The good news is that they wanted me to pass it without surgery, which I was all for. I figured, if it gets bad, they’ll give me more Dilaudid. They were going to keep me another night, but in the meantime, I’d be allowed to eat and drink. Halleluiah!
I was concerned about not getting any sleep again… the old dementia guy was still carrying on… so I did a little recon and decided that right before I’d try to sleep for the night, I’d unplug the bed. Pinky warned me against it, but I always say, “I’d rather beg forgiveness than ask permission.” I didn't see anything else plugged into the bed… the IV drip was completely separate, and they weren't using the blood pressure cuff on me, so it appeared to me the only thing I was risking was a scolding… once I got a few hours of sleep, I hoped.
They also wanted me to start filtering and capturing my pee. I've always been a bashful pee-er, so because I didn't want anyone walking in and startling me (which would probably make me twitch and start peeing on the fancy medical equipment), so I had to take precautions. I had to unplug my drip machine, trundle everything into the bathroom, get my sweatpants lowered, get my hospital gown raised, and then manage to produce some pee AND hit the target. That’s a lot of coordination for a guy that’s been on drugs all night.
I was concerned about the rest of the passage, but the doctor said the urethra the stone needed to go through is larger than the ureter it passed through earlier. The “tubing” would adapt. I was just worried about the “end game.” I looked at “Bluz Jr,” and wondered what would happen if the stone got stuck at the end. Seemed to me I would turn into some kind of lawn sprinkler, like when you cover the end of a garden hose with your finger. I probably should have asked for a bigger pee jug.
I never know what to do with the pee jug, either, after I've used it. Do I display it on the bedside table, like the golden idol that Indiana Jones goes after at the beginning of Raiders of the Lost Arc? Or do I leave it stashed in the bathroom, where it’s liable to get knocked over? What’s the etiquette there, Cassie?
Anyway, my pee must have been golden, because around 4:00 pm, someone came in and told me they decided to discharge me and I could go home immediately. This was a mixed blessing. I’d finally get some sleep, but I’d lose my access to the Dilaudid. They gave me a prescription for Percocet instead, so I felt a little better about it. I've heard good things.

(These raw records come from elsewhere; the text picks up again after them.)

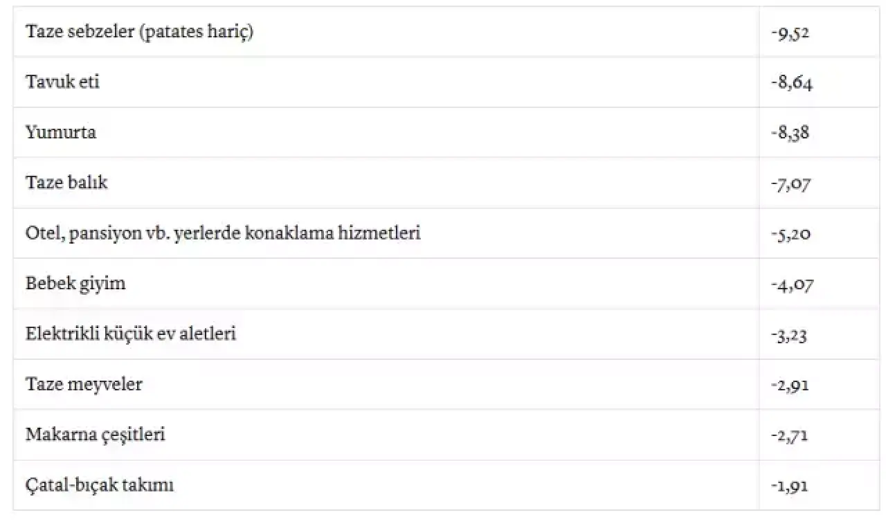 Geçtiğimiz ay taze sebzelerde önemli bir fiyat düşüşü gözlemlendi. Patates hariç tutulduğunda, bu düşüş yüzde 9,52 oranında gerçekleşti. Ardından, tavuk eti fiyatları yüzde 8,64 oranında, yumurta fiyatları ise yüzde 8,38 oranında azaldı. Ayrıca, taze balık fiyatlarındaki gerileme yüzde 7,07 olarak kaydedilirken, otel ve pansiyon gibi konaklama hizmetleri de yüzde 5,2 oranında bir düşüş yaşadı.
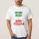 Fun St. Patrick's Day shirt celebrating both the Irish and Italians. Drink Irish kiss Italian is printed in big bold letters, first part is green, while the second is bright red as in the Italian flag. The two parts are separated by a lighter green shamrock.
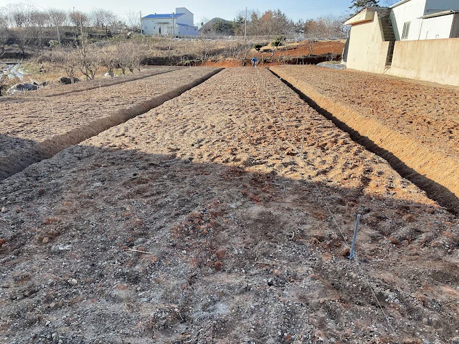 밭에 2m 80cm 정도 씩 간격을 띄워서 말뚝을 박아주었는데 그곳이 나무를 심을 자리라고 한다.
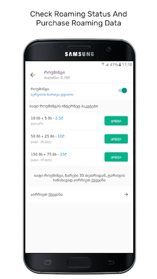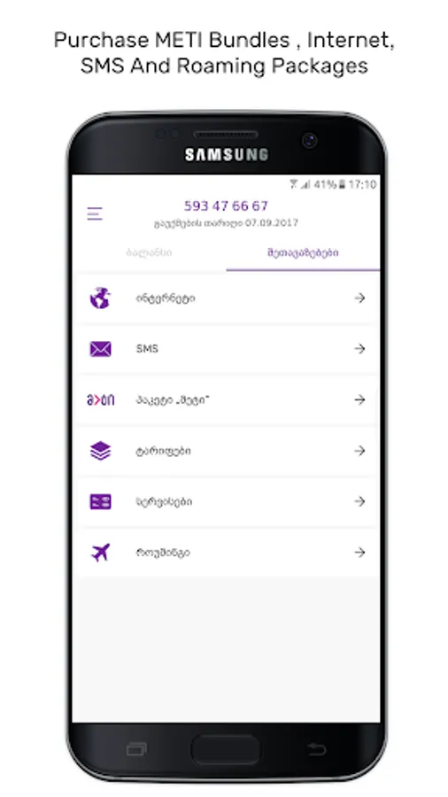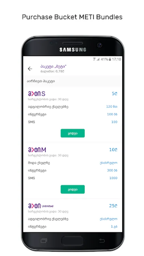 - Purchase internet, voice, SMS and mixed bundles

I asked what they wanted me to do, like, can I just get up and walk out? They said unless I felt I needed a wheelchair, yes. I was like, “Hot damn, I’m outta here.”
But I don’t think they communicate amongst themselves very well. When I got dressed and went out, the nurses outside seemed shocked to see me up and intending to leave. They had to call and verify that I was allowed to mosey. I was all, “Hah! In your face! You don’t get ANY more of my pee!”
I went home Thursday evening and began pounding water, hoping to get this thing done. It didn't happen though, and by Monday, I was back in the hospital… but not for the reason you’d think.
To be continued… again.
(Note: Don’t panic… I’m OK. I mean, I’m here posting about it, right?)